* **Your goal**
The listing below must be returned in full and unchanged, without the images it carries.

* **Dataset excerpt**
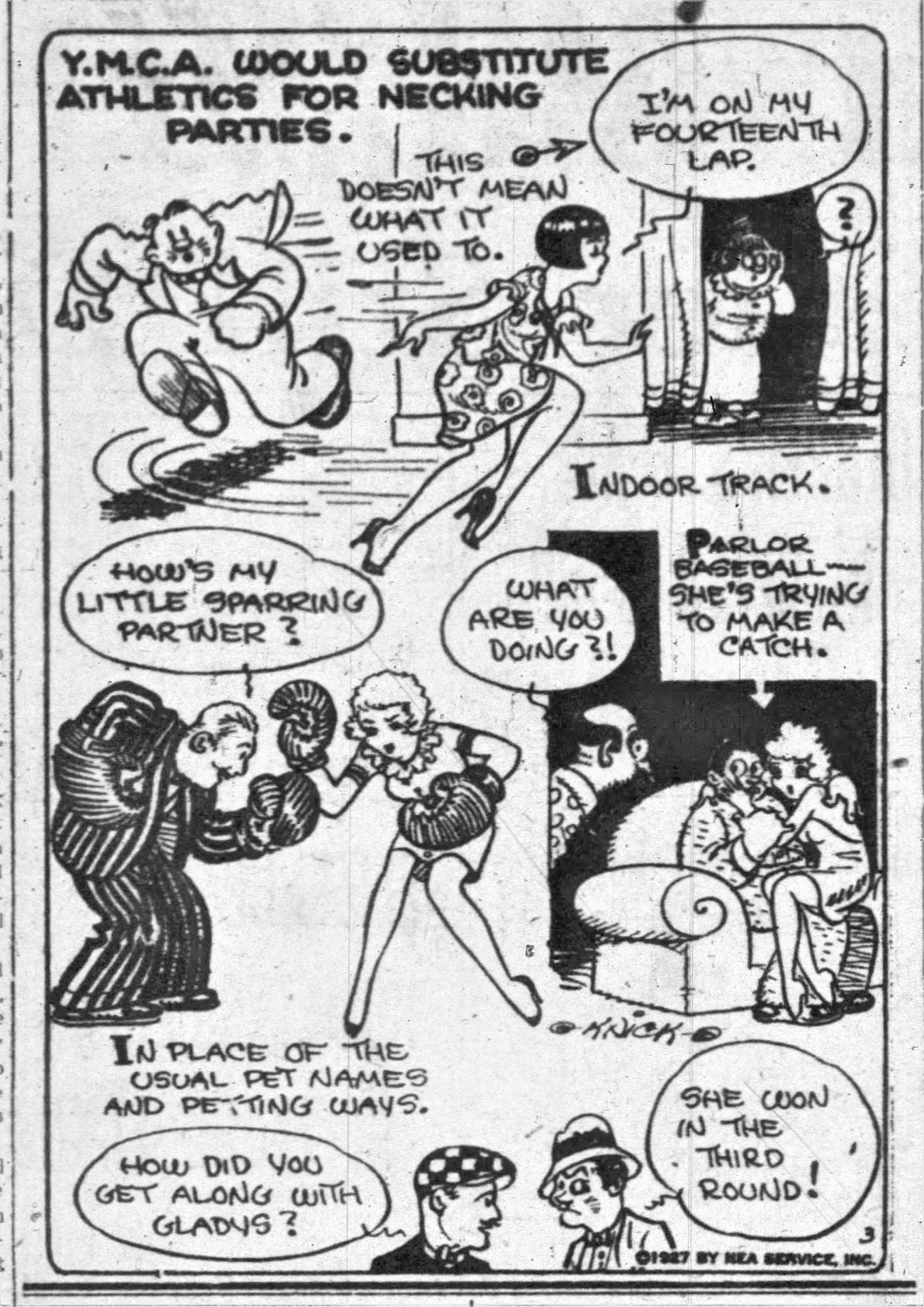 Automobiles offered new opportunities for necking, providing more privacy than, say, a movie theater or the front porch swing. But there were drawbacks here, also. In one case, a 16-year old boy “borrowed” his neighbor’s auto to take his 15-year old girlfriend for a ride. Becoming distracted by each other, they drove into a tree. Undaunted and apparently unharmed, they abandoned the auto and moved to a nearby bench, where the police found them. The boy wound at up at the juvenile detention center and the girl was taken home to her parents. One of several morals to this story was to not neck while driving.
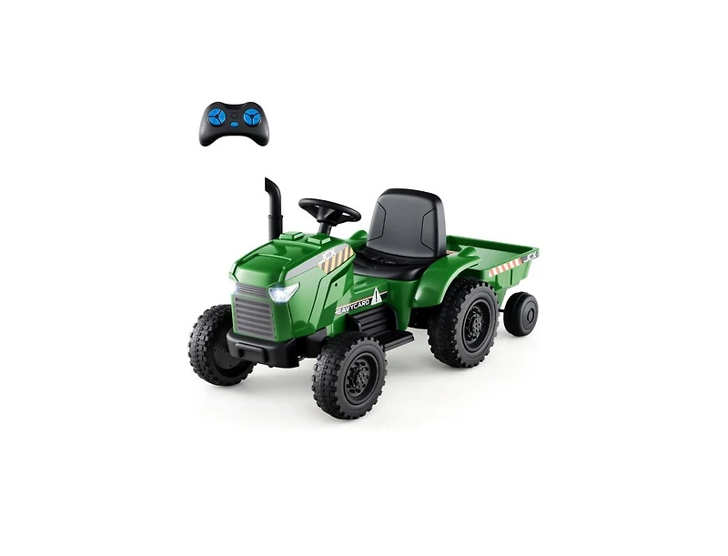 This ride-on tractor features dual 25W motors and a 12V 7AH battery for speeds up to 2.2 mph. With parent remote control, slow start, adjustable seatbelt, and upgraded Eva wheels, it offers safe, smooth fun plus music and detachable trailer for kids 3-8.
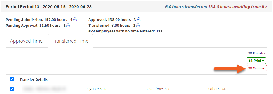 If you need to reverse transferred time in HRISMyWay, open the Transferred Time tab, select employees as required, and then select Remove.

* **Task answer**
 Automobiles offered new opportunities for necking, providing more privacy than, say, a movie theater or the front porch swing. But there were drawbacks here, also. In one case, a 16-year old boy “borrowed” his neighbor’s auto to take his 15-year old girlfriend for a ride. Becoming distracted by each other, they drove into a tree. Undaunted and apparently unharmed, they abandoned the auto and moved to a nearby bench, where the police found them. The boy wound at up at the juvenile detention center and the girl was taken home to her parents. One of several morals to this story was to not neck while driving.
 This ride-on tractor features dual 25W motors and a 12V 7AH battery for speeds up to 2.2 mph. With parent remote control, slow start, adjustable seatbelt, and upgraded Eva wheels, it offers safe, smooth fun plus music and detachable trailer for kids 3-8.
 If you need to reverse transferred time in HRISMyWay, open the Transferred Time tab, select employees as required, and then select Remove.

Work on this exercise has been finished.